HARDY 254 DIESEL TRACTOR CAB


----------



## Durwood (Sep 16, 2003)

Maybe i read it wrong Chief , but i think that is the price of the cab only that fits that particular tractor.


----------



## greg_g (Jan 12, 2004)

*close.....no cigar*

I wouldn't pay it, but I think that $2499 is just for the cab option Chief. Take a look at http://www.chinadiesel.com/trac/Tractor Implements.htm. Looks like an entry level tractor is the 254T; no power steering, no live PTO, no diff lock, and turf tires is $5995


----------



## jodyand (Sep 16, 2003)

I think your right it says (Perfect for snow blowing, no heat required, heat from tractor adequately warms Tractor CAB.)

Thats sounds like its just the cab. 
Jody


----------



## Greg (Sep 16, 2003)

This makes it easier to see it's just the cab.
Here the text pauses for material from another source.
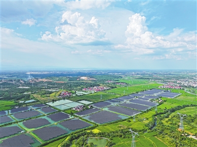 近年来,上高县充分利用鱼塘、荒坡等建设“渔光互补”“农光互补”光伏电站,实现经济、生态效益双丰收。图为近日,该县芦洲乡光伏电站与田野、村庄,构成一幅生态画卷。本报全媒体记者 吴文兵摄

http://www.chinadiesel.com/trac/Tractor.htm


----------



## Live Oak (Dec 22, 2003)

Yep! You guys are right. Pardon me while I wash the egg off my face. ig: :duh: :bull: :monkey: :yin: I got all excited about it and ate my shorts on the "Evelen Woodhead Speed Reeding & Comprihention " part of the ad. Guess this puts me in the running for the FUOTM award!  :clown: :crazy: :nerd: :hide: Good eye guys!


----------



## Argee (Sep 17, 2003)

> _Originally posted by Chief _
> * Guess this puts me in the running for the FUOTM award!  :clown: :crazy: :nerd: :hide: Good eye guys! *


I've won that award a lot. Welcome to the elite club. :lmao:


----------



## Chris (Sep 15, 2003)

Ate your shorts? Can you get that on video for us here, Chiefy? 
artyline


----------



## guest (Sep 16, 2003)

well, it is a spiffy looking cab...


----------